### What is expected
Write each line out exactly, from the one containing "One of the most" through the final line of the data, and keep pictures out of the copy.
[[ Data section, beginning ]]
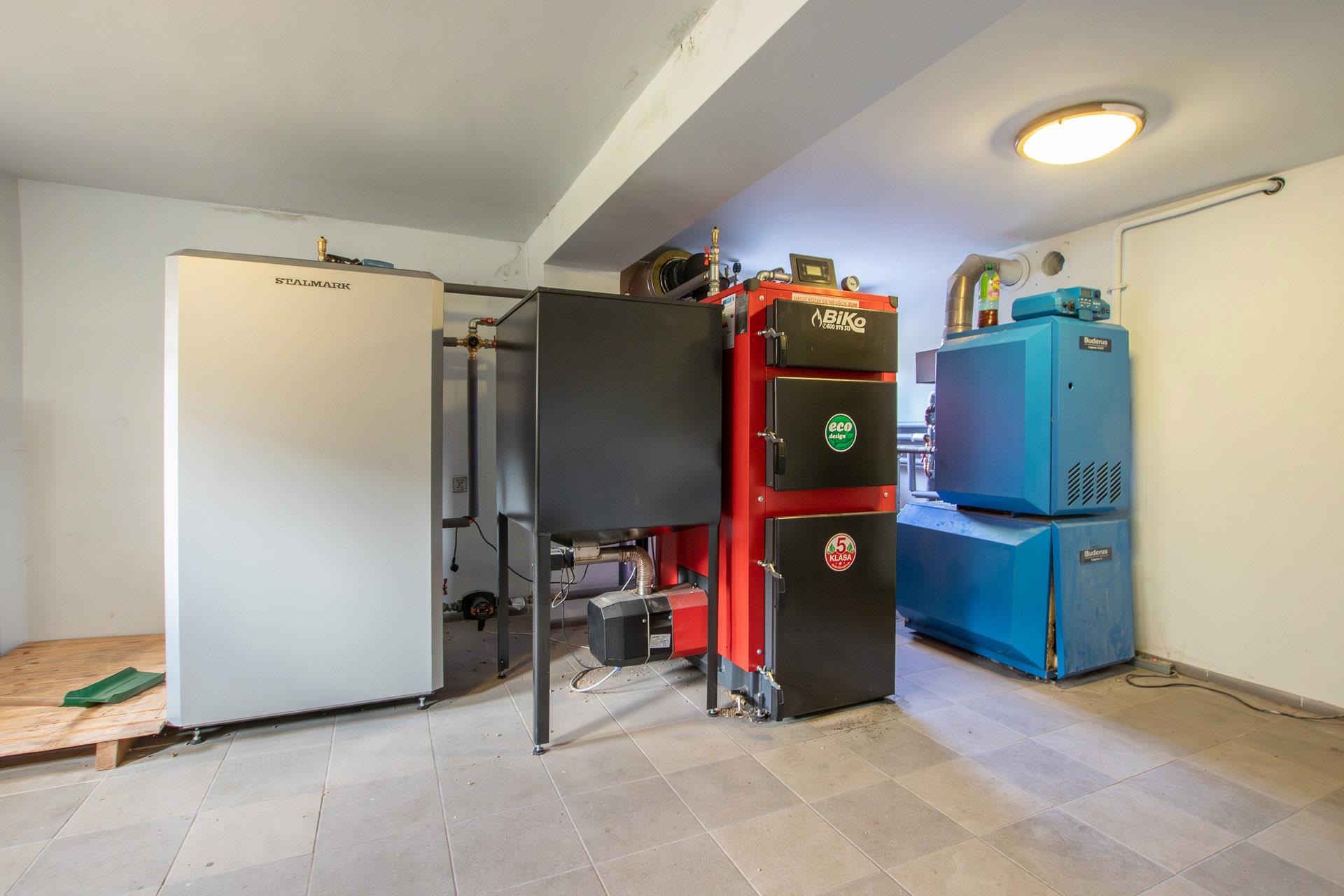 Ogrzewanie własne gazowe, piec II- funkcyjny Firmy Buderus oraz nowy piec na pellet.
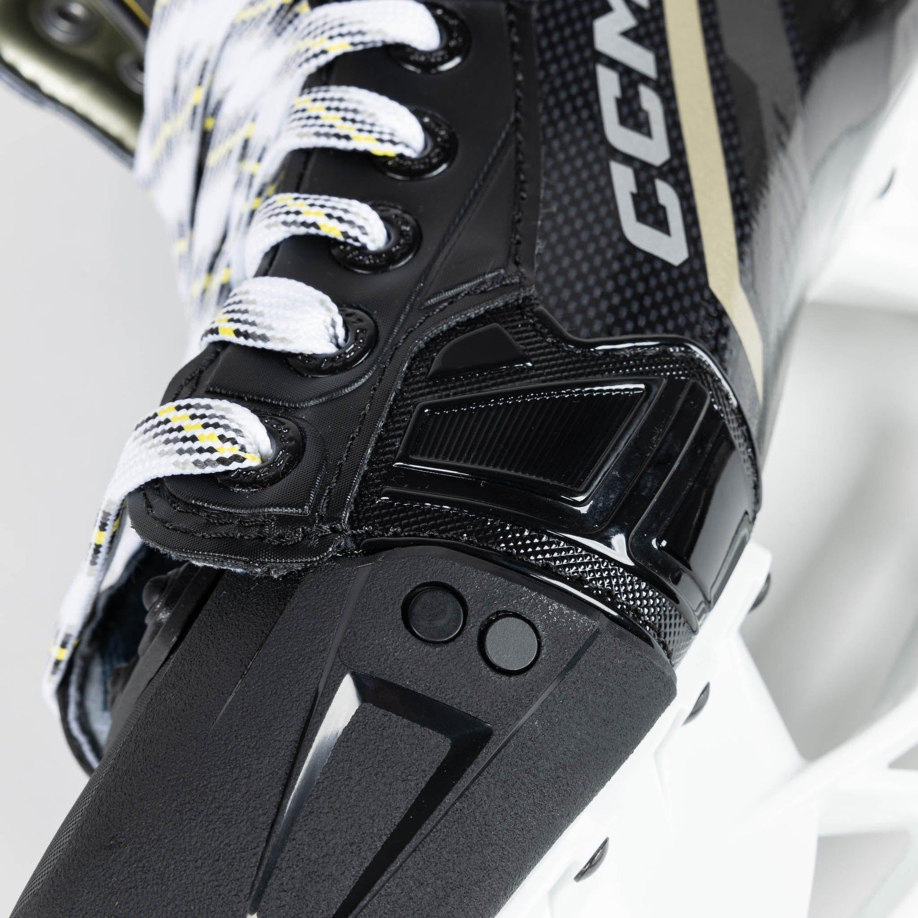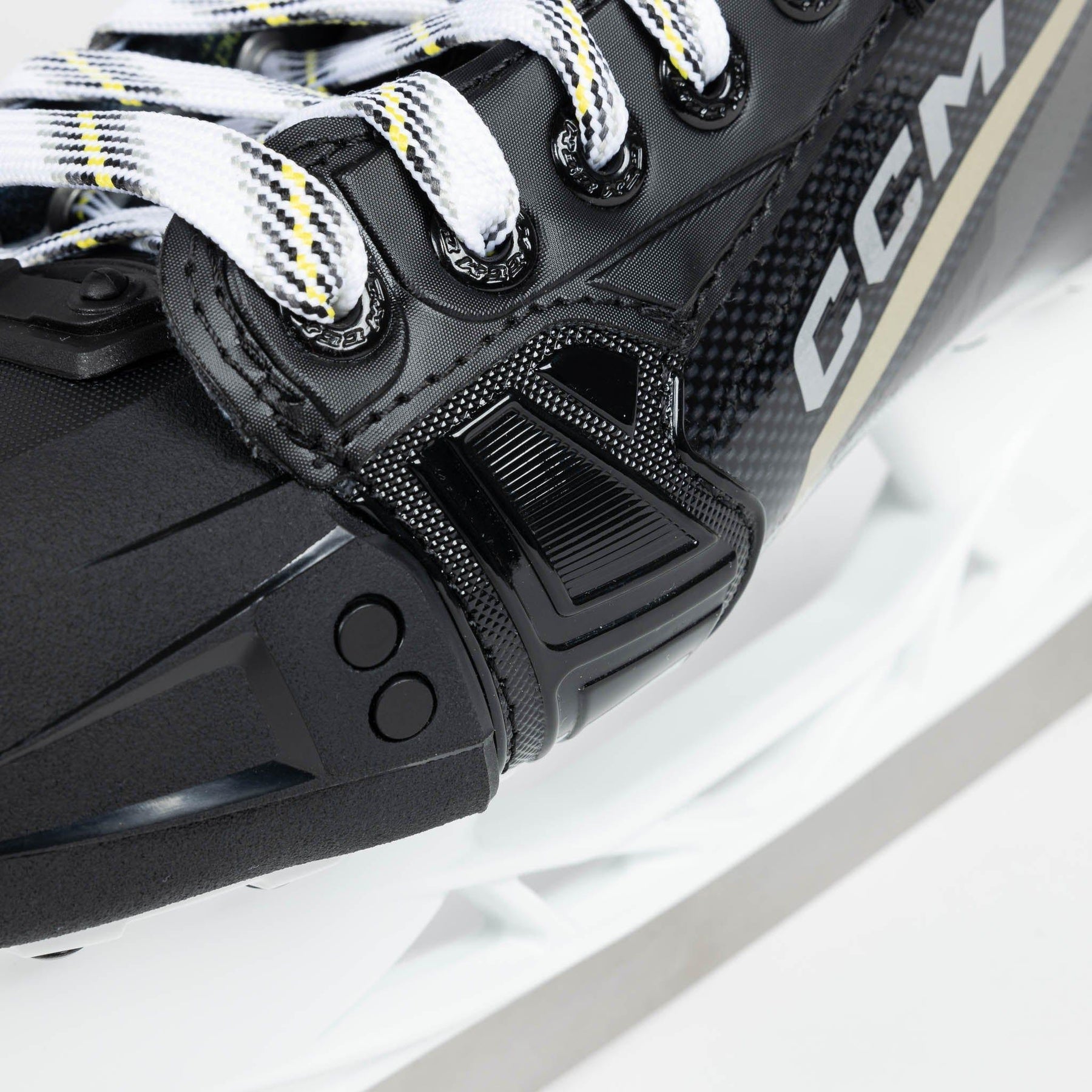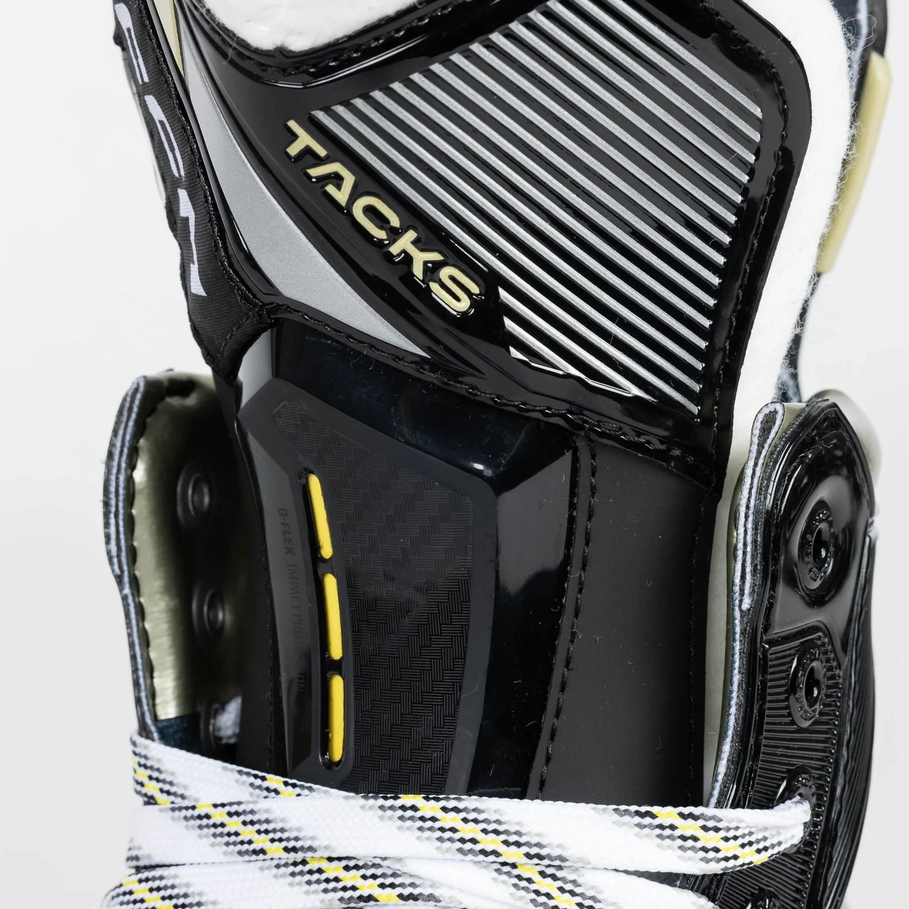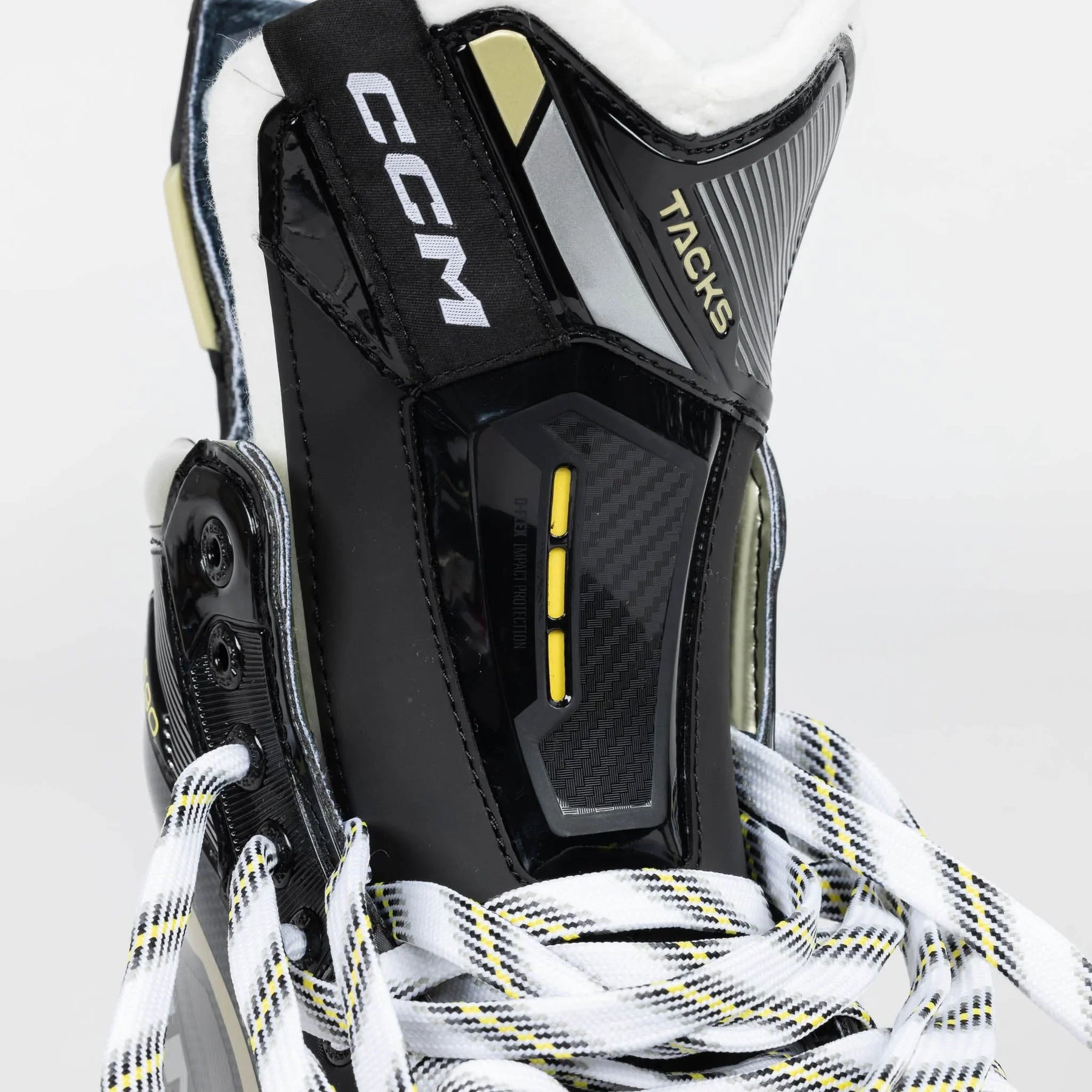 One of the most noticeable updates made to the Tacks series was the amended outer design and graphics. CCM rolls out new colours and text logos to represent a fresh start to the line in 2022. In addition to the modern, techy styles on the side of the boot, you’ll also notice the new gold graphics to replace the old yellow, as well as the clean “Tacks” and “AS-590” redesigned logos all throughout.
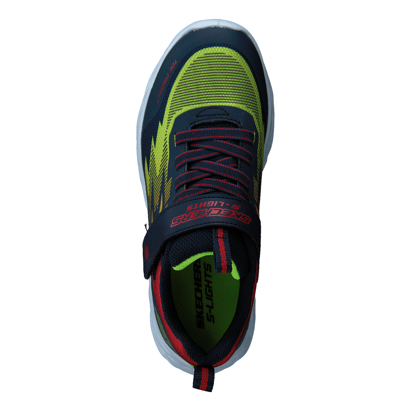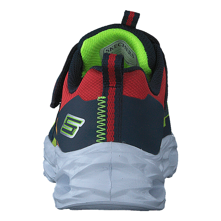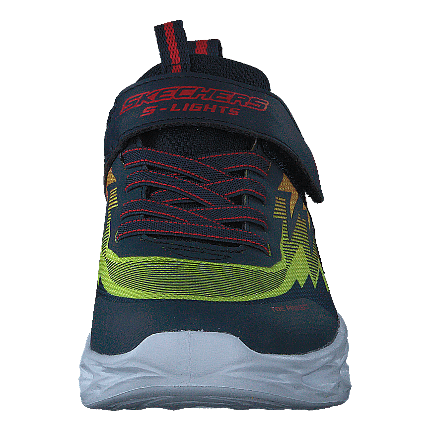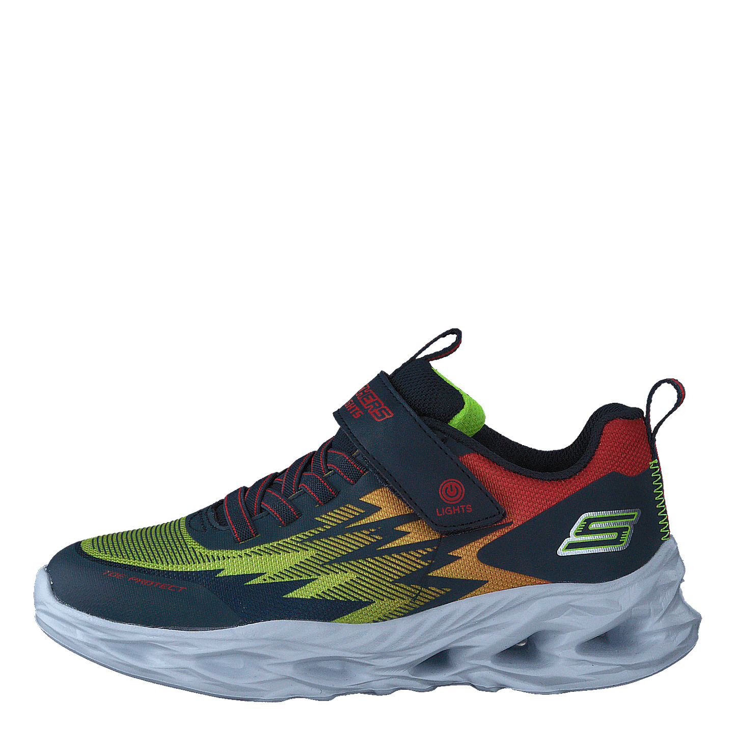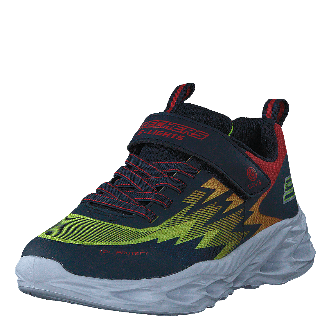 Skechers Boys Vortex-flash Nvmt combines style and functionality in a navy blue athletic shoe with vibrant multicolor accents. Featuring a velcro strap, elastic laces, and a chunky white sole, this sporty shoe offers easy wear and secure fit. The mesh and rubber construction ensures durability, while the light-up feature adds a fun element for active children.
[[ Data section, end ]]
### Problem solution
 One of the most noticeable updates made to the Tacks series was the amended outer design and graphics. CCM rolls out new colours and text logos to represent a fresh start to the line in 2022. In addition to the modern, techy styles on the side of the boot, you’ll also notice the new gold graphics to replace the old yellow, as well as the clean “Tacks” and “AS-590” redesigned logos all throughout.
 Skechers Boys Vortex-flash Nvmt combines style and functionality in a navy blue athletic shoe with vibrant multicolor accents. Featuring a velcro strap, elastic laces, and a chunky white sole, this sporty shoe offers easy wear and secure fit. The mesh and rubber construction ensures durability, while the light-up feature adds a fun element for active children.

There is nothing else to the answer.